[Problem description]: In the listing below, find the line with "上海海洋大学科技处副处长许竞" and the line with "Sada zahradních pohovek", then return them and every line between them exactly, minus the pictures.

[Records shown]:
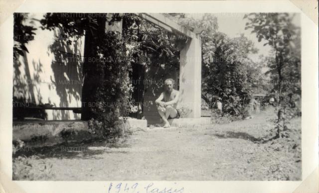 Bohuslav Martinů wearing only trunks sitting on socle of pergola in doorway of house
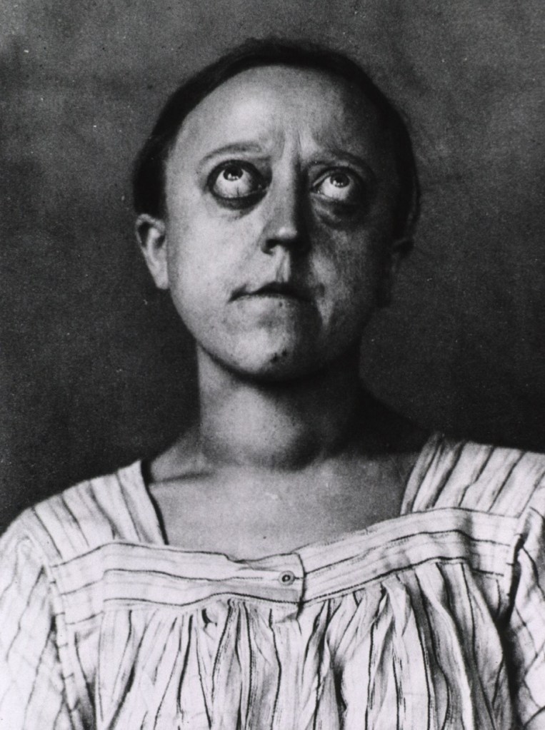 [Endocrine Disorders: Woman with Exothalmic Goiter]. photogravure. <a href=»https://www.nlm.nih.gov/hmd/ihm/index.html»>U.S. National Library of Medicine (NLM): Images from the History of Medicine</a>, JSTOR, https://jstor.org/stable/community.28541848. Accessed 2 Oct. 2023.
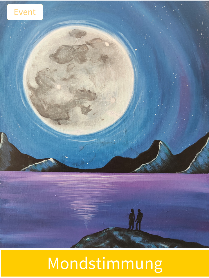 Zusammen mit Olivia malst du einen eindrückliches Mondbild auf eine Leinwand
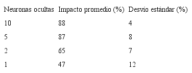 La variabilidad de los impactos fue pequeña para 5 y 10 neuronas ocultas y se incrementó con menos neuronas ocultas. Por otra parte, el impacto del modelo resultó dependiente de la cantidad de neuronas ocultas, como muestra la tabla 8.
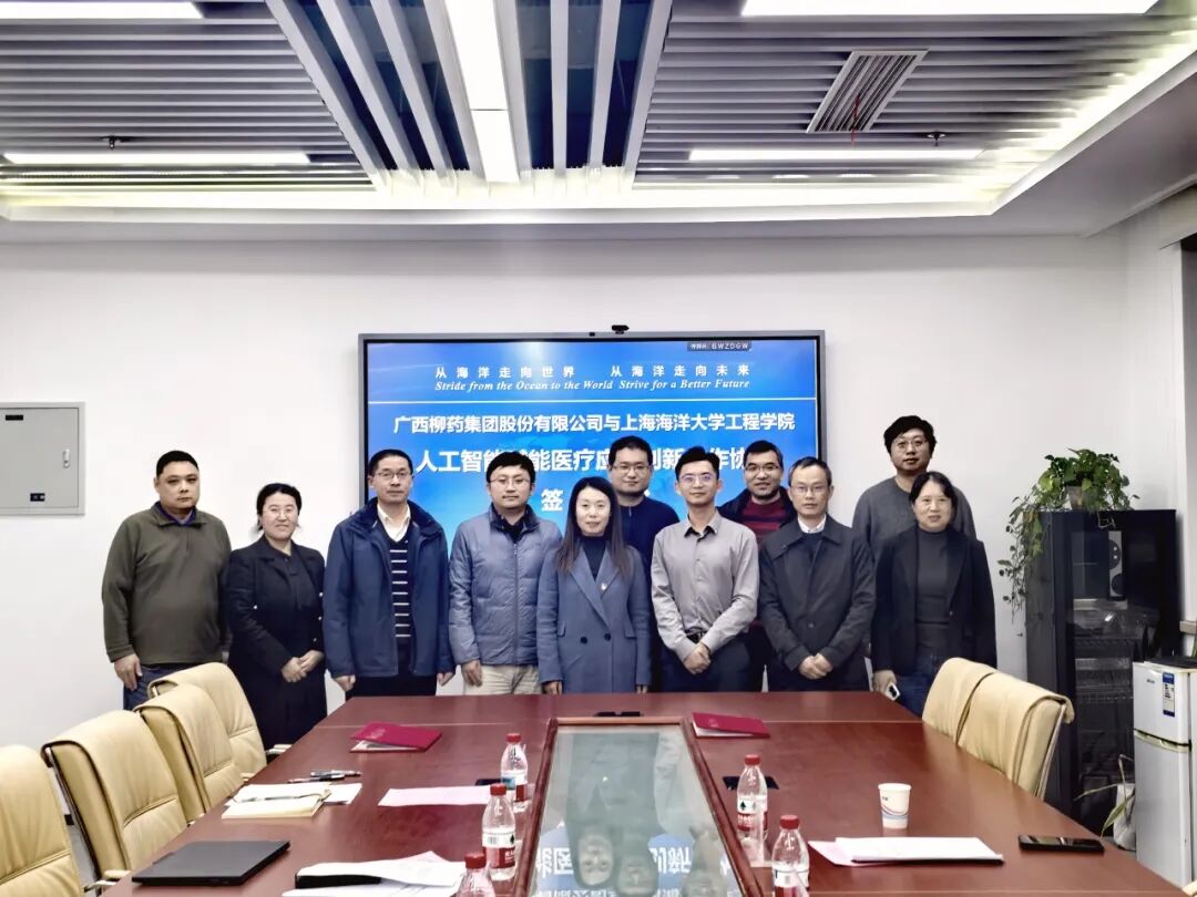 上海海洋大学科技处副处长许竞翔、工程学院副院长刘雨青、工程学院党委副书记李志强及相关教师代表,柳药集团信息管理中心部长史永桥等共同出席并见证签约。
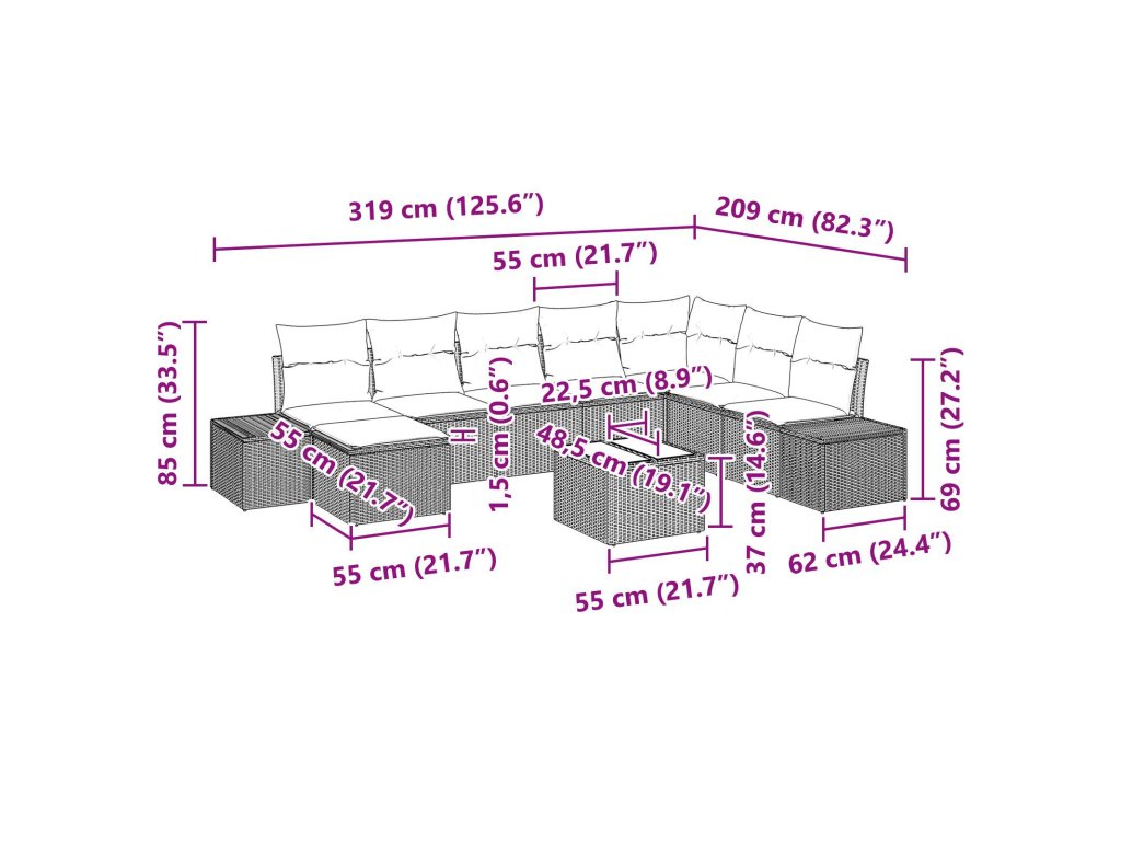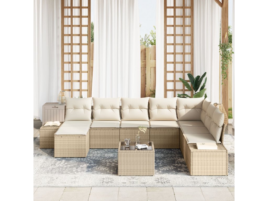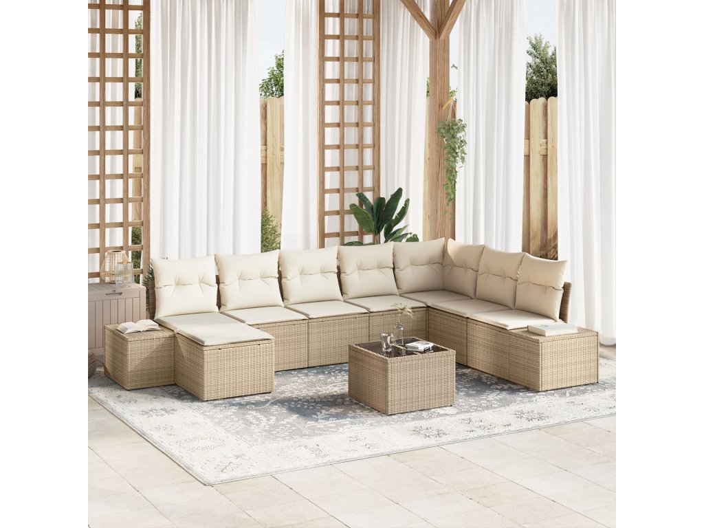 Sada zahradních pohovek s polštářem 9 pcs Béžová polyratan
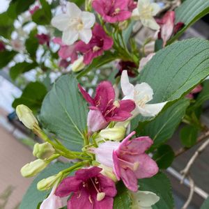 おはようございます。 ピンクと白が一緒に咲いています💓💞 元はピンク一色だったはず💦 可愛いです 6プーままさんから 「箱根ウツギ」 と教えていただきました🤗 「ヒメウツギ」 には白花はつかないそうです。 3年前にいただいた小枝を挿木し たものです。 花がついて名前も分かり嬉しいです。ありがとうございます💓💞
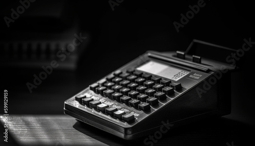 Old fashioned typewriter on desk in modern office generated by AI
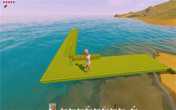 码头的作用主要是给玩家在海洋上提供一个活动平台,通过码头来登录到自己的小船上。制作起来可以一切从简(你也可以按自己的喜好来大开脑洞),收集“竹棍”制作各种模块在岸边慢慢拼接起来就可以。一定要注意,为了防止小船制作出来后“搁浅”,一定要尽量远离岸边。
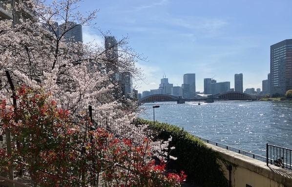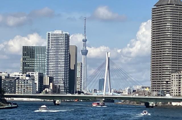 隅田川の写真をもう1点。上流を眺めると、橋の向こうにスカイツリーを見ることができます。川には遊覧船やボートが行きかい、まさに春うららの隅田川です。
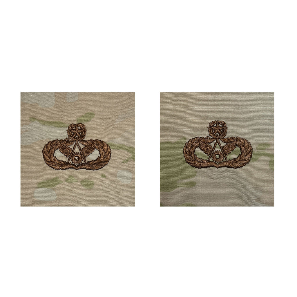 Air Force 3-Color OCP uniform Master Civil Engineer badge embroidered. Master Occupational badge is awarded after 15 years for officers and to E-7s or above who have performed at the craftsman skill level for at least 5 years.
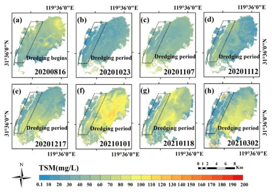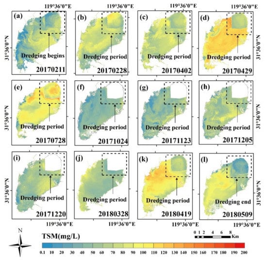- The TSM concentration in Changdang Lake exhibited evident seasonal variations, exhibiting higher values in spring and summer and lower values in autumn and winter. By monitoring the ecological dredging process of Changdang Lake, it was found that the ecological dredging project might improve the water quality in Changdang Lake to some extent.
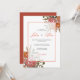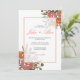 Uma parte da coleção Bright Peach e Orange Floral, que inclui peões e rosas de cor laranja-d'água com verde botânico e eucalipto. Um convite de casamento elegante e clássico em laranja, tangerina, tema floral de pêssego.
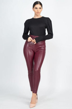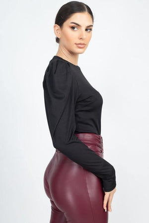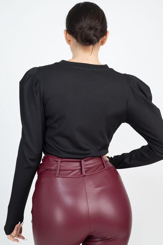 A knit shirt featuring long puff sleeves, mock neck, and a fitted silhouette. 92% Polyester 8% Spandex
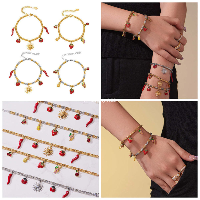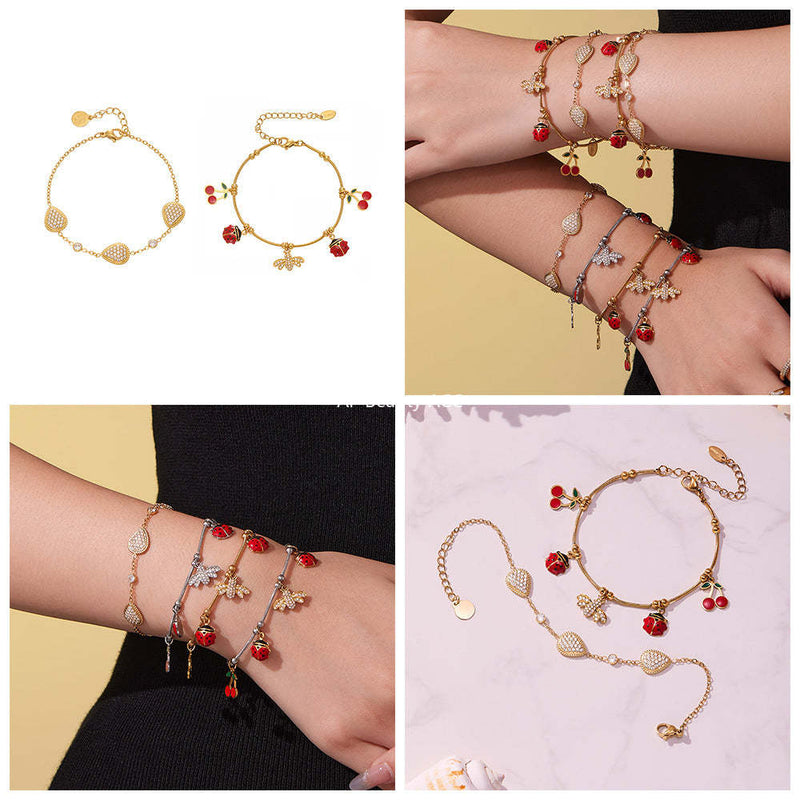 D관 - 스테인리스 스틸 큐빅 벌 체리 물방울 멀티 펜던트 팔찌 [E130-E160] 25.10-5
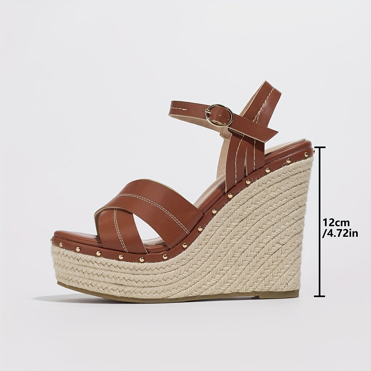 [Comfortable Sandals] Comfortable Women's Casual Faux Cover Wedge Sandals | Thick Platform Sole, Round Toe & Buckle Closure - Summer Shoes for Beach, Outings, Daily Wear
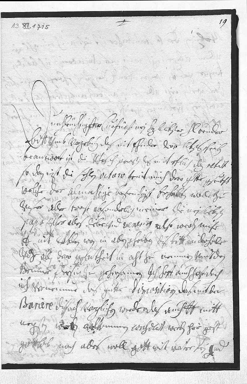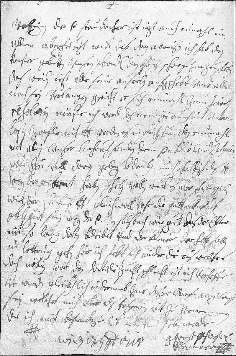 0001Durchleüchtigster Curfürst, mein herzliebster herr bruder 0002Bitt vmb vergebung, das nit ehnder dero libsts schreiben 0003beantwort, ist die vhrsach gewesen, das mit etlich dag retirirt, 0004so dan izt die sehlen octaw. Freüt mich dero gutte gesuntheit, 0005welche der almechtige bestendigst erhalten wolle zu 0006vnser aller trost, absonderlich meiner, die mein liebsten 0007papa vber alles liebe vnd venerire. Also werden mihr 0008dero Liebden nit vblen, wan in allen schreiben dis bitt widerhole, 0009vohr allen dero gesuntheit in acht zu nemmen vndt den 0010Bruner fleisich zu gehorsamen. Ich hoff auch jezt, dah 0011ich vernemme, das gutte dispositionen, das mit der 0012bariere dissach verglichen werde, das auch dero Liebden mitt 0013negsten werden volkommen consolirt werden. Hier geht 0014gottlob noch alles woll, gott wirt weiter sein gnad
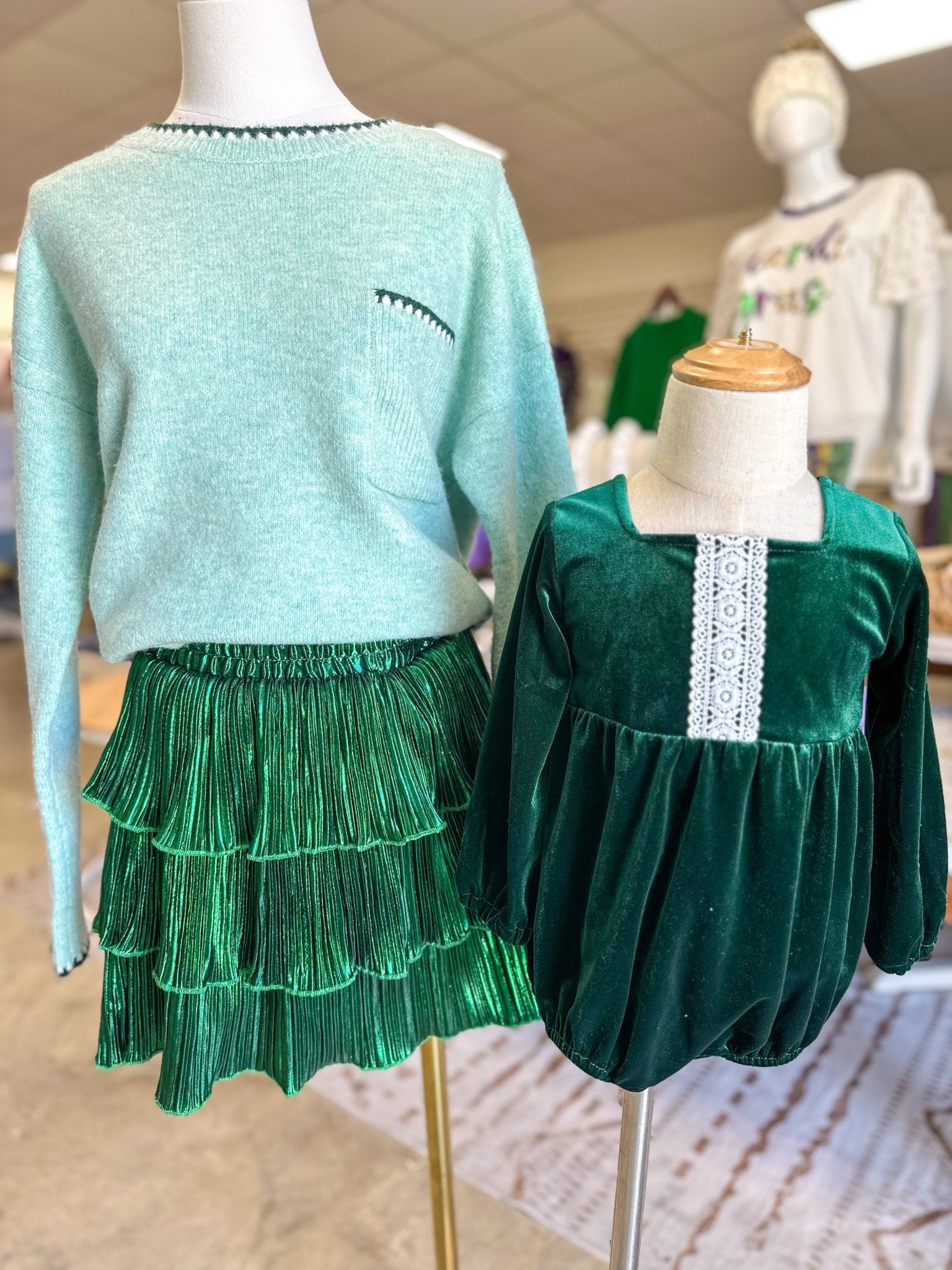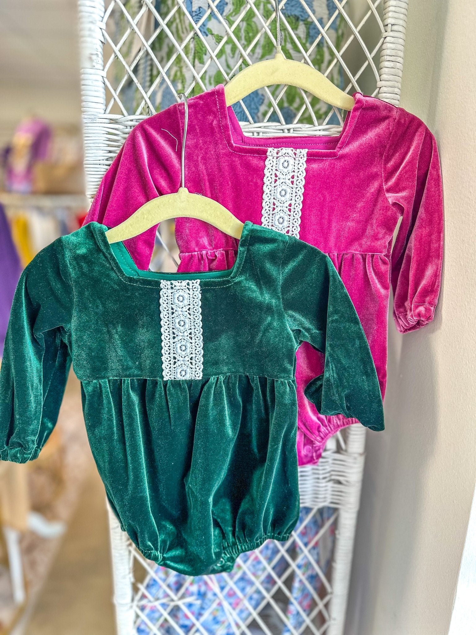 Classic and timeless, this velvet romper is made for holiday photos, family gatherings, and special occasions all season long.
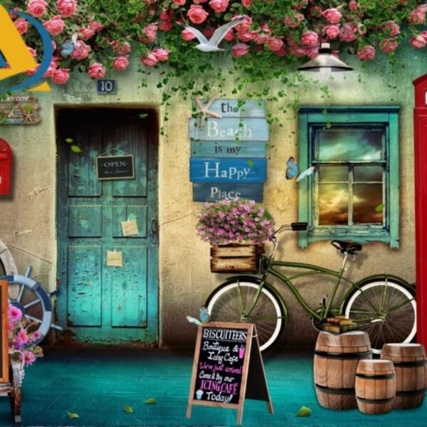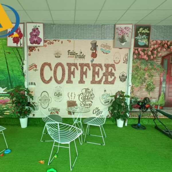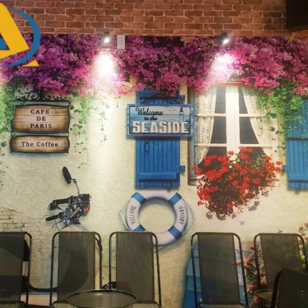 Mẫu tranh dán tường quán cafe sân vườn đẹp
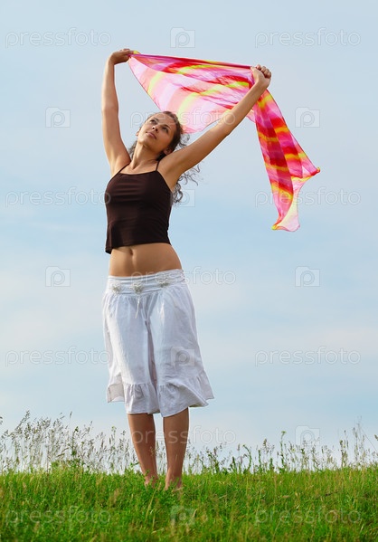 Девушка стоит на зеленом лугу с развевающимся платком
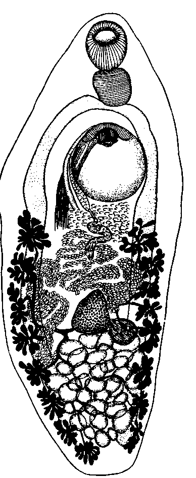Половая и брюшная присоски очень подвижны, и их место расположения подвергнуто значительным вариациям. Вентро-генитальный синус открывается наружу на брюшной стороне маленьким треугольным отверстием, находящимся немного позади бифуркации кишечника. Половая присоска имеет приблизительно треугольную форму и может выступать из синуса. В связи с брюшной и половой присосками находятся мощно развитые ретракторные мышцы. Префаринкс и пищевод имеют очень маленькие размеры и видны только у совершенно вытянутого червя.

[Answer section]:
 上海海洋大学科技处副处长许竞翔、工程学院副院长刘雨青、工程学院党委副书记李志强及相关教师代表,柳药集团信息管理中心部长史永桥等共同出席并见证签约。
 Sada zahradních pohovek s polštářem 9 pcs Béžová polyratan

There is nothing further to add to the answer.